▶ [Records to use]
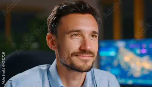 Thoughtful man with headset, looking away from computer screen at night . Generative AI
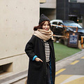 黑白条纹T恤+黑色紧身裤+黑色毛呢大衣+迷彩运动鞋+卡其色围巾+黑色毛线帽。
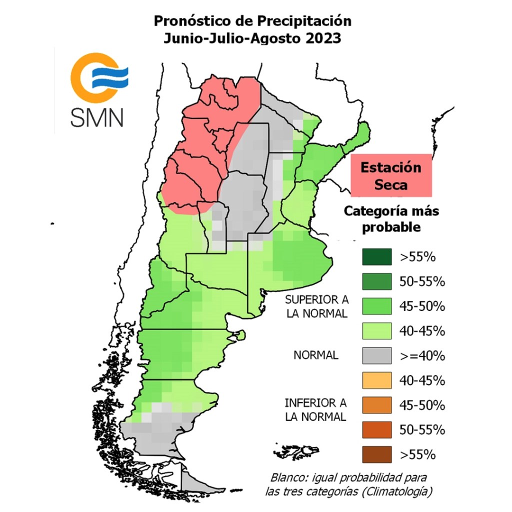 En el oeste del NOA y norte de Cuyo no se suministra pronóstico por ser Estación Seca, es decir, un periodo donde suele haber lluvias escasas.
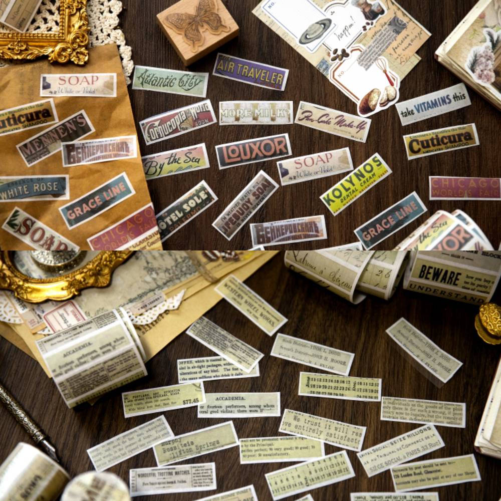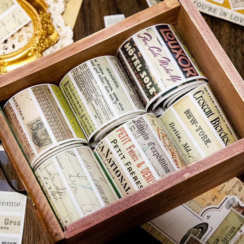 Step back in time with the 1 Roll Time Note Paper Sticker Tape, a nostalgic collection of 6 uniquely designed tapes that bring the vintage charm of old newspapers, receipt fragments, and handwritten notes to your journaling and crafting projects. Each roll features intricate, retro-inspired designs that add a touch of history and personality to your pages.
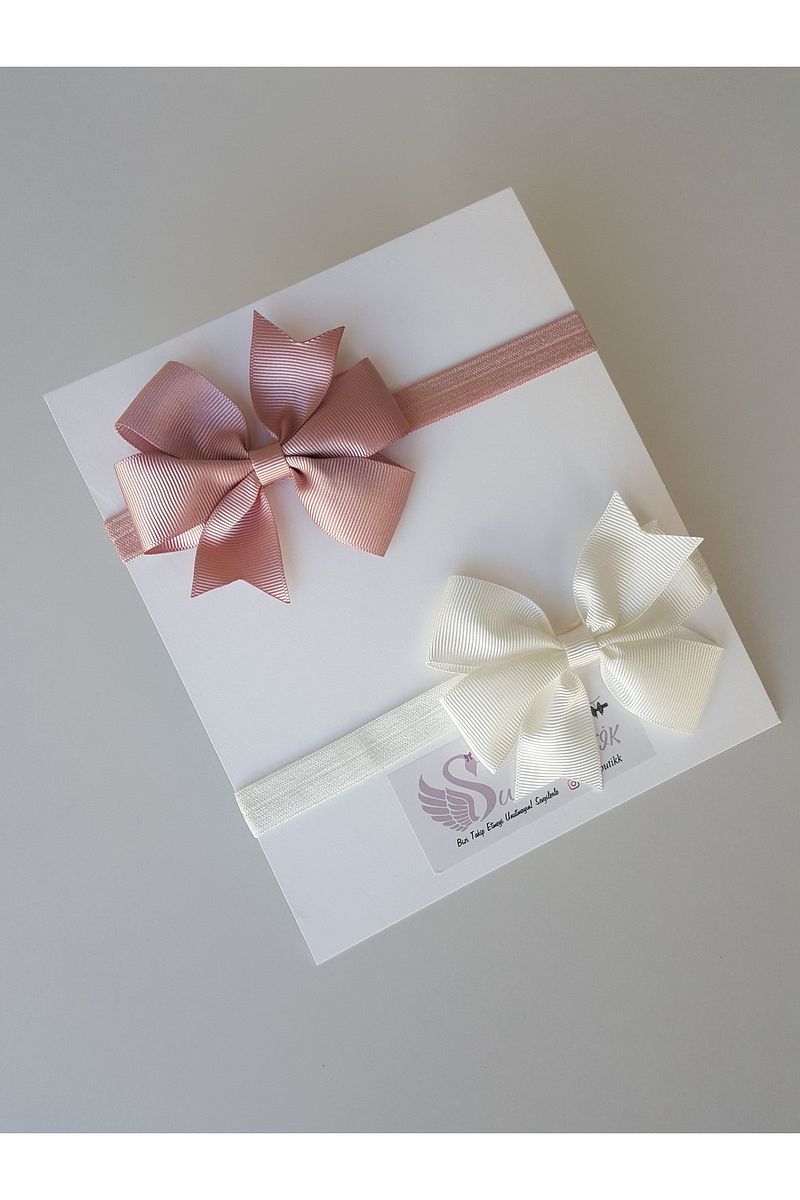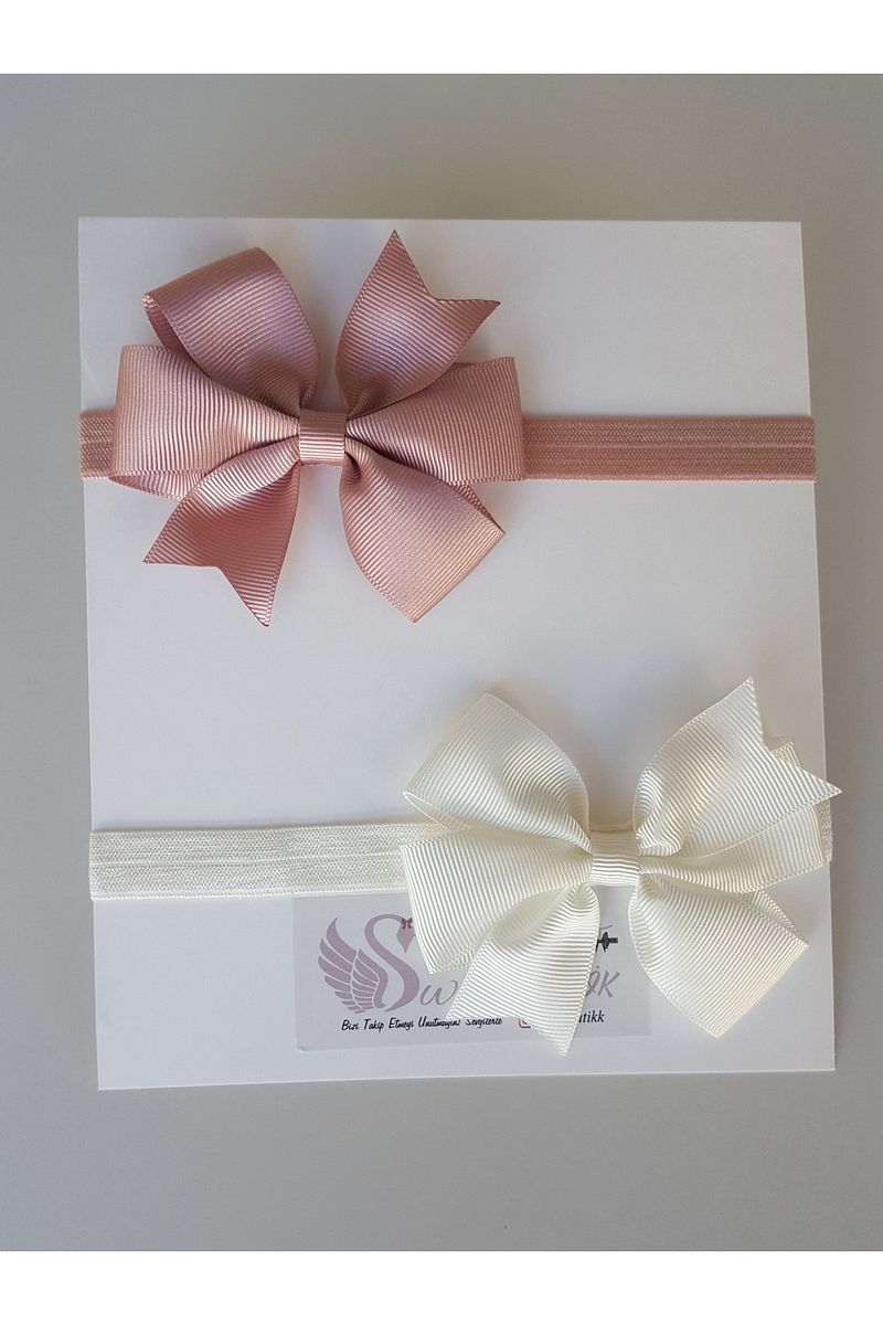 Swan Boutique Baby Girl Headband and Clip Set in Blush and Off-White

▶ [Work request] Transcribe exactly, please, the lines between the start of the records above and the line holding "En el oeste", counting both of those lines and omitting pictures.

▶ [Answer]
 Thoughtful man with headset, looking away from computer screen at night . Generative AI
 黑白条纹T恤+黑色紧身裤+黑色毛呢大衣+迷彩运动鞋+卡其色围巾+黑色毛线帽。
 En el oeste del NOA y norte de Cuyo no se suministra pronóstico por ser Estación Seca, es decir, un periodo donde suele haber lluvias escasas.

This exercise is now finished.